The Loonie closed 0.14% higher before losing its momentum and heading downwards on Thursday morning. A confluence of factors caused the Loonie to lose its bullish traction on Thursday, snapping a three-day winning streak. Crude oil prices retreated from a new seven-year high reached the previous day, undermining the commodity-linked loonie. The U.S. dollar, on the other hand, made a strong return and reversed some of the overnight losses, underpinned by the dismal U.S. ADP report. This, combined with an increase in U.S. Treasury bond yields and a milder risk tone, provided some support for the greenback against the Loonie. Market players are now anticipating the U.S. economic calendar, particularly the release of the ISM Services PMI later in the early North American session. This, together with U.S. bond yields and overall market risk sentiment, will impact Loonie prices.
The Mexican Peso finished 0.15% lower followed by consolidating its losses this morning. The Mexican currency fell for the first time this week on Wednesday, along with most Latin American currencies. This follows a minor recovery in the U.S. dollar due to cautious market sentiment and sustained yields. Meanwhile, according to board member, Jonathan Heath, Banxico's monetary policies will likely accompany and anticipate Fed actions to prevent capital flows from hampering the slowing of inflation. Furthermore, President Lopez Obrador (AMLO) stated on Wednesday that Mexico is not in recession, highlighting the fact that the economy has expanded compared to last year and that job reports were positive in January. The Mexican Presidency and AMLO forecast the economy to grow 5% from 2022 to 2024. Moving forward, the Mexican Consumer Confidence Index for January, which is predicted to be 45.3, will be featured. Furthermore, the release of data from the U.S. docket will have a significant impact on Peso prices.

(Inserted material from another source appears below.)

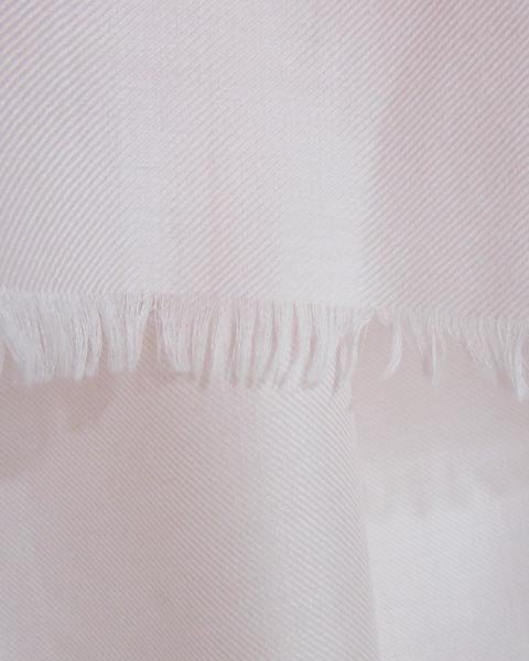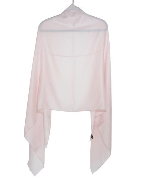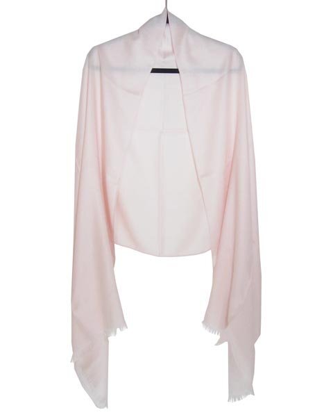 | 肌触りの良いカシミヤシルクのショール。薄手生地なのでたたむとコンパクトになり、お持ち歩きにもおすすめです。優しい薄いピンクでオシャレのポイントにいかがでしょうか。 |

The Chinese Yuan remained unchanged on Wednesday amid the Chinese new year holidays. As Chinese financial markets remained closed for the week-long Lunar New Year vacation, the offshore yuan held steady against the U.S. dollar in low-volume trading. The Yuan has gained modestly this week as the dollar has fallen after Federal Reserve officials resisted predictions of a 50 basis point rate hike in March. Meanwhile, the Chinese currency remained under pressure due to widening policy divergence, as impending rate hikes in the U.S. contrasted with China's monetary easing. The People's Bank of China has reduced many major short- and medium-term interest rates, with experts anticipating additional easing measures in the coming months, including a 50 basis point reduction in the reserve requirement ratio.
The Brazilian Real closed flat against the greenback on Wednesday. This comes after, the Central Bank of Brazil unanimously voted to hike the Selic rate by 150 basis points to 10.75%, as expected. It was the eighth consecutive interest rate hike since the Brazil Central Bank began tightening, with policymakers expecting another, but smaller, increase at the next meeting. The committee repeatedly stated that, given the risk-adjusted balance, it is reasonable for the tightening cycle to progress significantly towards the restrictive scenario to cement a disinflationary process and anchor expectations. Meanwhile, the National Congress resumed work this Wednesday after a long end-of-year break, but the carnival is already here. The clash between powers over the rise in the price of fuels is the highlight of the agenda.